=== EXTRACTED ENTRIES ===

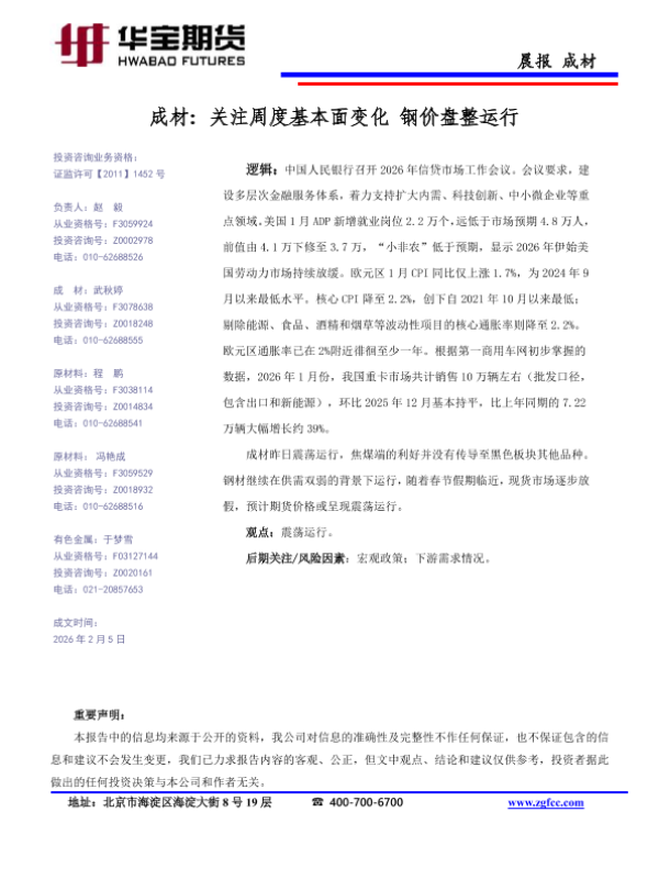 【华宝期货】【202602】成材_基本面变化不大_钢价盘整运行-1页 证券期货研究报告
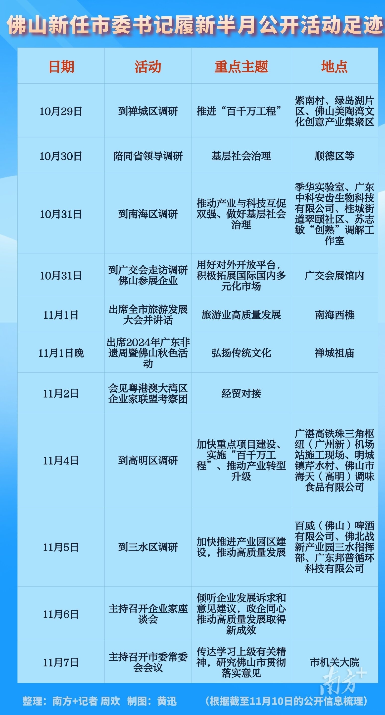 自10月25日到任佛山市委书记以来,唐屹峰去了哪些地方?重点关注什么议题?带来什么新变化、新气象?最近,佛山各界高度关注。
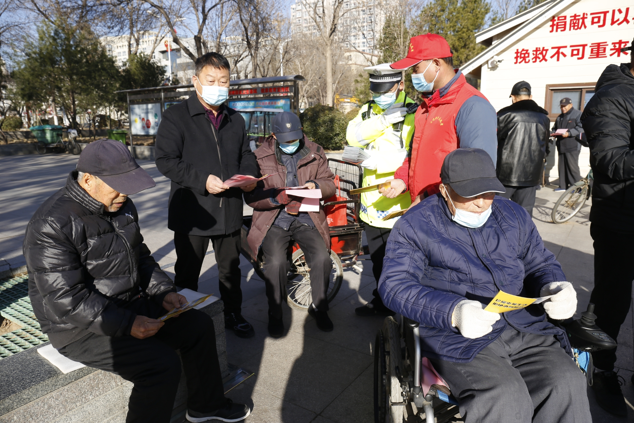 协助交警派发交通安全材料
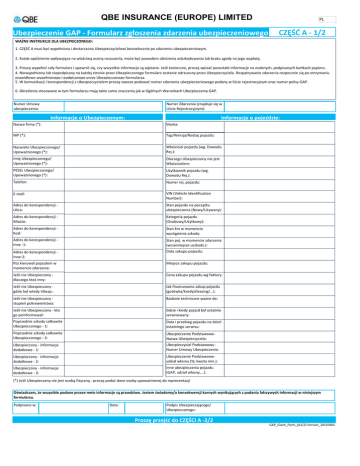 QBE INSURANCE (EUROPE) LIMITED Ubezpieczenie GAP - Formularz zgłoszenia zdarzenia ubezpieczeniowego PL CZĘŚD A - 1/2 WAŻNE INSTRUKCJE DLA UBEZPIECZONEGO: 1. CZĘŚD A musi byd wypełniona i dostarczona Ubezpieczycielowi bezzwłocznie po zdarzeniu ubezpieczeniowym. 2. Każde opóźnienie wpływające na właściwą ocenę roszczenia, może byd powodem obniżenia odszkodowania lub braku zgody na jego wypłatę. 3. Proszę wypełnid cały formularz i upewnid się, czy wszystkie informacje są wpisane. Jeśli konieczne, proszę wpisad pozostałe informacje na osobnych, podpisanych kartkach papieru. 4. Niewypełniony lub niepodpisany na każdej stronie przez Ubezpieczonego formularz zostanie odrzucony przez Ubezpieczyciela. Rozpatrywanie zdarzenia rozpocznie się po otrzymaniu prawidłowo wypełnionego i podpisanego przez Ubezpieczonego formularza. 5. W komunikacji i korespondencji z Ubezpieczycielem proszę zawsze podawad numer zdarzenia ubezpieczeniowego podany w liście rejestracyjnym oraz numer polisy GAP. 6. Określenia stosowane w tym formularzu mają takie same znaczenia jak w Ogólnych Warunkach Ubezpieczenia GAP. Numer Umowy ubezpieczenia: Numer Zdarzenia (znajduje się w Liście Rejestracyjnym): Informacje o Ubezpieczonym: Informacje o pojeździe: Nazwa firmy (*): Marka: NIP (*): Typ/Wersja/Rodzaj pojazdu: Nazwisko Ubezpieczonego/ Upoważnionego (*): Właściciel pojazdu (wg. Dowodu Rej.): Imię Ubezpieczonego/ Upoważnionego (*): Dlaczego Ubezpieczony nie jest Właścicielem: PESEL Ubezpieczonego/ Upoważnionego (*): Użytkownik pojazdu (wg. Dowodu Rej.): Telefon: Numer rej. pojazdu: E-mail: VIN (Vehicle Identification Number): Adres do korespondencji Ulica: Stan pojazdu na początku ubezpieczenia (Nowy/Używany): Adres do korespondencji Miasto: Kategoria pojazdu (Osobowy/Użytkowy): Adres do korespondencji Kod: Stan km w momencie wystąpienia szkody: Adres do korespondencji Inne -1: Stan poj. w momencie zdarzenia (wcześniejsze uszkodz.): Adres do korespondencji Inne-2: Data zakupu pojazdu: Kto kierował pojazdem w momencie zdarzenia: Miejsce zakupu pojazdu: Jeśli nie Ubezpieczony dlaczego ktoś inny: Cena zakupu pojazdu wg faktury: Jeśli nie Ubezpieczony gdzie był wtedy Ubezp.: Jak finansowano zakup pojazdu (gotówka/kredyt/leasing/...): Jeśli nie Ubezpieczony stopieo pokrewieostwa: Badanie techniczne ważne do: Jeśli nie Ubezpieczony - kto go poinformował: Gdzie i kiedy pojazd był ostatnio serwisowany: Poprzednie szkody całkowite Ubezpieczonego - 1: Data i przebieg pojazdu na dzieo ostatniego serwisu: Poprzednie szkody całkowite Ubezpieczonego - 2: Ubezpieczenie PodstawoweNazwa Ubezpieczyciela: Ubezpieczony - informacje dodatkowe - 1: Ubezpieczyciel Podstawowy Numer Umowy Ubezpieczenia: Ubezpieczony - informacje dodatkowe - 2: Ubezpieczenie Podstawoweudział własny (%; kwota min.): Ubezpieczony - informacje dodatkowe - 3: Inne ubezpieczenia pojazdu (GAP, udział własny,...): (*) Jeśli Ubezpieczony nie jest osobą fizyczną - proszę podad dane osoby upoważnionej do reprezentacji Oświadczam, że wszystkie podane przeze mnie informacje są prawdziwe. Jestem świadomy/a konsekwencji karnych wynikających z podania fałszywych informacji w niniejszym formularzu. Podpisano w: Data: Podpis Ubezpieczającego/ Ubezpieczonego: Proszę przejśd do CZĘŚCI A -2/2 GAP_Claim_Form_(A1/2)-Version_20110401 QBE INSURANCE (EUROPE) LIMITED CZĘŚD A - 2/2 Ubezpieczenie GAP - Formularz zgłoszenia zdarzenia ubezpieczeniowego Numer Umowy ubezpieczenia: Numer Zdarzenia (znajduje się w Liście Rejestracyjnym): Informacje o zdarzeniu: Data, godzina i miejsce powstania szkody: Jaki był powód podróży pojazdem: Opis powstania szkody - szczegóły (w razie potrzeby dołączyd opis na osobnej kartce): Dochodzenie Policji (data i godzina zgłoszenia, kto zgłosił): Policja (kontakt, numer sprawy): Jeśli nie zgłoszono Policji - dlaczego: Jeśli nie zgłoszono Policji - inny, odpowiedni dokument: Świadek zdarzenia (kontakt/stopieo pokrewieostwa z Ubezpieczonym): Ubezpieczyciel Podst.-z kim i kiedy się kontaktowano (nr kontaktowy): Uszkodzenie pojazdu (wypadek/żywioł/inne): Kradzież pojazdu: Rodzaj szkody (kolizja/żywioł/inne): W jaki sposób odkryto kradzież: Inne pojazdy biorące udział w zdarzeniu: Kto odkrył, że pojazd został skradziony: Inni uczestnicy zdarzenia: Kiedy pojazd widziano ostatni raz - dokł. data i godz.: Ilu pasażerów było w pojazdach: Gdzie pojazd był widziany ostatni raz - dokł. miejsce: Ranni: Jeśli nie w siedzibie Ubezpieczającego - dlaczego?: Wyniki testu alkoholowego (wszyscy uczestnicy): Kto widział pojazd po raz ostatni: Czy któraś ze stron przyznaje swoją winę - kto, dlaczego: Kto i kiedy użytkował pojazd po raz ostatni: Czy uczestnicy komunikowali się ze sobą po zdarzeniu: W jaki sposób pojazd był zabezpieczony: Czy Ubezpieczony znał innego uczest. zdarzenia: Ile kompletów kluczyków otrzymano przy zakupie pojazdu: Czy Ubezpieczony wcześniej spotkał uczest. zdarzenia: Ile kompletów kluczyków przekazano Ubezp. Podst.: Intensywnośd ruchu drogowego w chwili OŚWIADCZENIE I PEŁNOMOCNICTWO: Ja, niżej podpisany Ubezpieczający/Ubezpieczony, udzielam pełnomocnictwa przedstawicielowi Service Insurance Polska Sp. z o.o., ul. Czerwioskiego6, 40-123 Katowice (dalej "Administrator") do przeprowadzenia niniejszego postępowania i współpracy z: Ubezpieczycielem, dealerem samochodowym, serwisem naprawczym pojazdów, bankiem lub firmą leasingową, nie wyłączając właściwych organów paostwa i innych osób oraz ich pełnomocników w następującym zakresie: -otrzymania informacji dotyczących stanu postępowania ubezpieczeniowego oraz kopii dokumentów dotyczących Ubezpieczenia Podstawowego lub odszkodowao uzyskanych z tego bądź innego tytułu, Warunki pogodowe w chwili zdarzenia: Prędkośd pojazdów przed/ w chwili zdarzenia: Odległośd pomiędzy pojazdami przed zderzeniem: -sprawdzenia danych dot. nabycia oraz szczegó
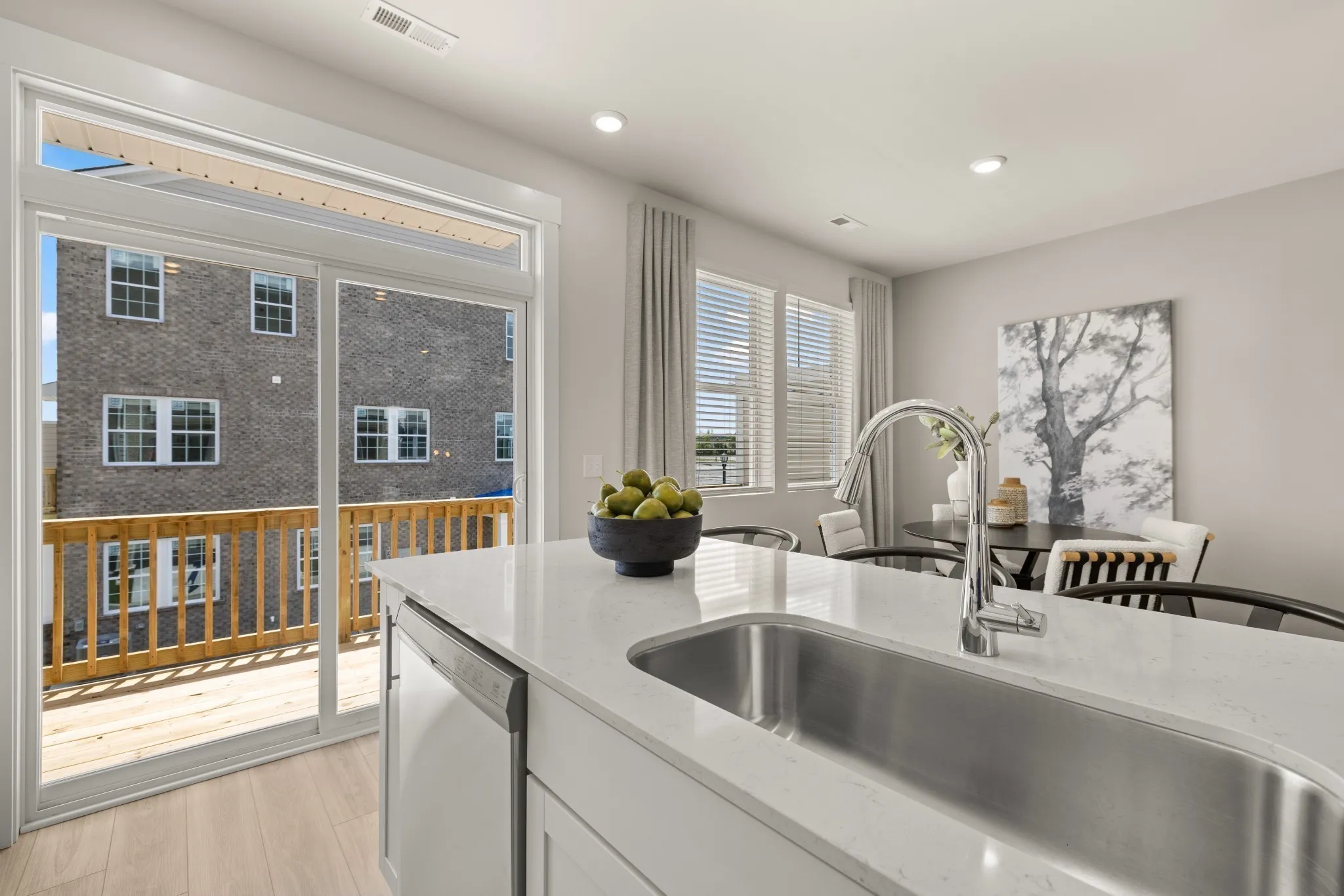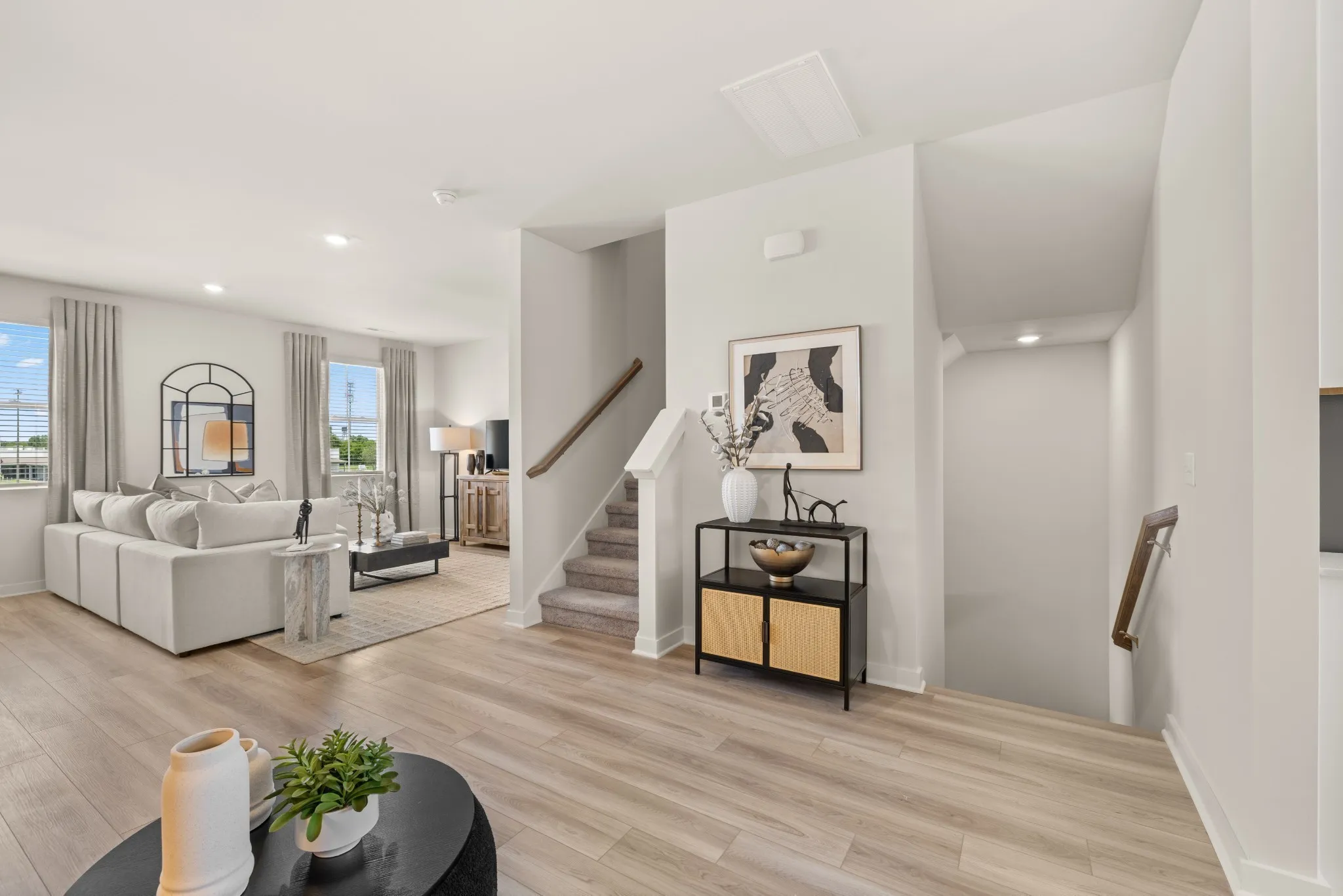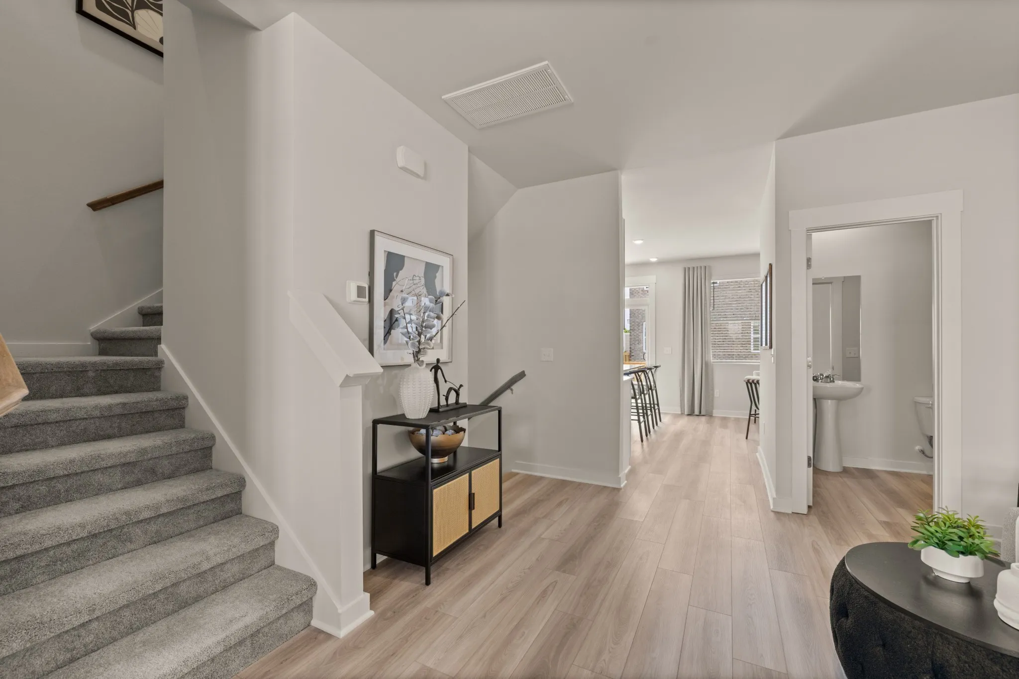 LOT #1047 – Westbrook floorplan. This new three-story townhome features a free-flowing layout that emphasizes functionality and practicality. Upon entry is a versatile bedroom suite to accommodate family members or overnight guests, while upstairs is the main living area. It includes a sprawling Great Room made for gatherings, a cozy loft that can double as an office space and a well-equipped kitchen with an adjoining nook. Residing on the top floor are the remaining bedrooms, one of which is the tranquil owner’s suite with an attached bathroom. *Images from a furnished model of this home. Actual configuration and features may vary.
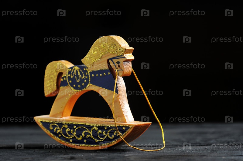 Деревянная игрушечная лошадка на темном фоне

===

Only the pictures are to be left out; everything else in the entries above must be duplicated exactly.

 【华宝期货】【202602】成材_基本面变化不大_钢价盘整运行-1页 证券期货研究报告
 自10月25日到任佛山市委书记以来,唐屹峰去了哪些地方?重点关注什么议题?带来什么新变化、新气象?最近,佛山各界高度关注。
 协助交警派发交通安全材料
 QBE INSURANCE (EUROPE) LIMITED Ubezpieczenie GAP - Formularz zgłoszenia zdarzenia ubezpieczeniowego PL CZĘŚD A - 1/2 WAŻNE INSTRUKCJE DLA UBEZPIECZONEGO: 1. CZĘŚD A musi byd wypełniona i dostarczona Ubezpieczycielowi bezzwłocznie po zdarzeniu ubezpieczeniowym. 2. Każde opóźnienie wpływające na właściwą ocenę roszczenia, może byd powodem obniżenia odszkodowania lub braku zgody na jego wypłatę. 3. Proszę wypełnid cały formularz i upewnid się, czy wszystkie informacje są wpisane. Jeśli konieczne, proszę wpisad pozostałe informacje na osobnych, podpisanych kartkach papieru. 4. Niewypełniony lub niepodpisany na każdej stronie przez Ubezpieczonego formularz zostanie odrzucony przez Ubezpieczyciela. Rozpatrywanie zdarzenia rozpocznie się po otrzymaniu prawidłowo wypełnionego i podpisanego przez Ubezpieczonego formularza. 5. W komunikacji i korespondencji z Ubezpieczycielem proszę zawsze podawad numer zdarzenia ubezpieczeniowego podany w liście rejestracyjnym oraz numer polisy GAP. 6. Określenia stosowane w tym formularzu mają takie same znaczenia jak w Ogólnych Warunkach Ubezpieczenia GAP. Numer Umowy ubezpieczenia: Numer Zdarzenia (znajduje się w Liście Rejestracyjnym): Informacje o Ubezpieczonym: Informacje o pojeździe: Nazwa firmy (*): Marka: NIP (*): Typ/Wersja/Rodzaj pojazdu: Nazwisko Ubezpieczonego/ Upoważnionego (*): Właściciel pojazdu (wg. Dowodu Rej.): Imię Ubezpieczonego/ Upoważnionego (*): Dlaczego Ubezpieczony nie jest Właścicielem: PESEL Ubezpieczonego/ Upoważnionego (*): Użytkownik pojazdu (wg. Dowodu Rej.): Telefon: Numer rej. pojazdu: E-mail: VIN (Vehicle Identification Number): Adres do korespondencji Ulica: Stan pojazdu na początku ubezpieczenia (Nowy/Używany): Adres do korespondencji Miasto: Kategoria pojazdu (Osobowy/Użytkowy): Adres do korespondencji Kod: Stan km w momencie wystąpienia szkody: Adres do korespondencji Inne -1: Stan poj. w momencie zdarzenia (wcześniejsze uszkodz.): Adres do korespondencji Inne-2: Data zakupu pojazdu: Kto kierował pojazdem w momencie zdarzenia: Miejsce zakupu pojazdu: Jeśli nie Ubezpieczony dlaczego ktoś inny: Cena zakupu pojazdu wg faktury: Jeśli nie Ubezpieczony gdzie był wtedy Ubezp.: Jak finansowano zakup pojazdu (gotówka/kredyt/leasing/...): Jeśli nie Ubezpieczony stopieo pokrewieostwa: Badanie techniczne ważne do: Jeśli nie Ubezpieczony - kto go poinformował: Gdzie i kiedy pojazd był ostatnio serwisowany: Poprzednie szkody całkowite Ubezpieczonego - 1: Data i przebieg pojazdu na dzieo ostatniego serwisu: Poprzednie szkody całkowite Ubezpieczonego - 2: Ubezpieczenie PodstawoweNazwa Ubezpieczyciela: Ubezpieczony - informacje dodatkowe - 1: Ubezpieczyciel Podstawowy Numer Umowy Ubezpieczenia: Ubezpieczony - informacje dodatkowe - 2: Ubezpieczenie Podstawoweudział własny (%; kwota min.): Ubezpieczony - informacje dodatkowe - 3: Inne ubezpieczenia pojazdu (GAP, udział własny,...): (*) Jeśli Ubezpieczony nie jest osobą fizyczną - proszę podad dane osoby upoważnionej do reprezentacji Oświadczam, że wszystkie podane przeze mnie informacje są prawdziwe. Jestem świadomy/a konsekwencji karnych wynikających z podania fałszywych informacji w niniejszym formularzu. Podpisano w: Data: Podpis Ubezpieczającego/ Ubezpieczonego: Proszę przejśd do CZĘŚCI A -2/2 GAP_Claim_Form_(A1/2)-Version_20110401 QBE INSURANCE (EUROPE) LIMITED CZĘŚD A - 2/2 Ubezpieczenie GAP - Formularz zgłoszenia zdarzenia ubezpieczeniowego Numer Umowy ubezpieczenia: Numer Zdarzenia (znajduje się w Liście Rejestracyjnym): Informacje o zdarzeniu: Data, godzina i miejsce powstania szkody: Jaki był powód podróży pojazdem: Opis powstania szkody - szczegóły (w razie potrzeby dołączyd opis na osobnej kartce): Dochodzenie Policji (data i godzina zgłoszenia, kto zgłosił): Policja (kontakt, numer sprawy): Jeśli nie zgłoszono Policji - dlaczego: Jeśli nie zgłoszono Policji - inny, odpowiedni dokument: Świadek zdarzenia (kontakt/stopieo pokrewieostwa z Ubezpieczonym): Ubezpieczyciel Podst.-z kim i kiedy się kontaktowano (nr kontaktowy): Uszkodzenie pojazdu (wypadek/żywioł/inne): Kradzież pojazdu: Rodzaj szkody (kolizja/żywioł/inne): W jaki sposób odkryto kradzież: Inne pojazdy biorące udział w zdarzeniu: Kto odkrył, że pojazd został skradziony: Inni uczestnicy zdarzenia: Kiedy pojazd widziano ostatni raz - dokł. data i godz.: Ilu pasażerów było w pojazdach: Gdzie pojazd był widziany ostatni raz - dokł. miejsce: Ranni: Jeśli nie w siedzibie Ubezpieczającego - dlaczego?: Wyniki testu alkoholowego (wszyscy uczestnicy): Kto widział pojazd po raz ostatni: Czy któraś ze stron przyznaje swoją winę - kto, dlaczego: Kto i kiedy użytkował pojazd po raz ostatni: Czy uczestnicy komunikowali się ze sobą po zdarzeniu: W jaki sposób pojazd był zabezpieczony: Czy Ubezpieczony znał innego uczest. zdarzenia: Ile kompletów kluczyków otrzymano przy zakupie pojazdu: Czy Ubezpieczony wcześniej spotkał uczest. zdarzenia: Ile kompletów kluczyków przekazano Ubezp. Podst.: Intensywnośd ruchu drogowego w chwili OŚWIADCZENIE I PEŁNOMOCNICTWO: Ja, niżej podpisany Ubezpieczający/Ubezpieczony, udzielam pełnomocnictwa przedstawicielowi Service Insurance Polska Sp. z o.o., ul. Czerwioskiego6, 40-123 Katowice (dalej "Administrator") do przeprowadzenia niniejszego postępowania i współpracy z: Ubezpieczycielem, dealerem samochodowym, serwisem naprawczym pojazdów, bankiem lub firmą leasingową, nie wyłączając właściwych organów paostwa i innych osób oraz ich pełnomocników w następującym zakresie: -otrzymania informacji dotyczących stanu postępowania ubezpieczeniowego oraz kopii dokumentów dotyczących Ubezpieczenia Podstawowego lub odszkodowao uzyskanych z tego bądź innego tytułu, Warunki pogodowe w chwili zdarzenia: Prędkośd pojazdów przed/ w chwili zdarzenia: Odległośd pomiędzy pojazdami przed zderzeniem: -sprawdzenia danych dot. nabycia oraz szczegó
 LOT #1047 – Westbrook floorplan. This new three-story townhome features a free-flowing layout that emphasizes functionality and practicality. Upon entry is a versatile bedroom suite to accommodate family members or overnight guests, while upstairs is the main living area. It includes a sprawling Great Room made for gatherings, a cozy loft that can double as an office space and a well-equipped kitchen with an adjoining nook. Residing on the top floor are the remaining bedrooms, one of which is the tranquil owner’s suite with an attached bathroom. *Images from a furnished model of this home. Actual configuration and features may vary.
 Деревянная игрушечная лошадка на темном фоне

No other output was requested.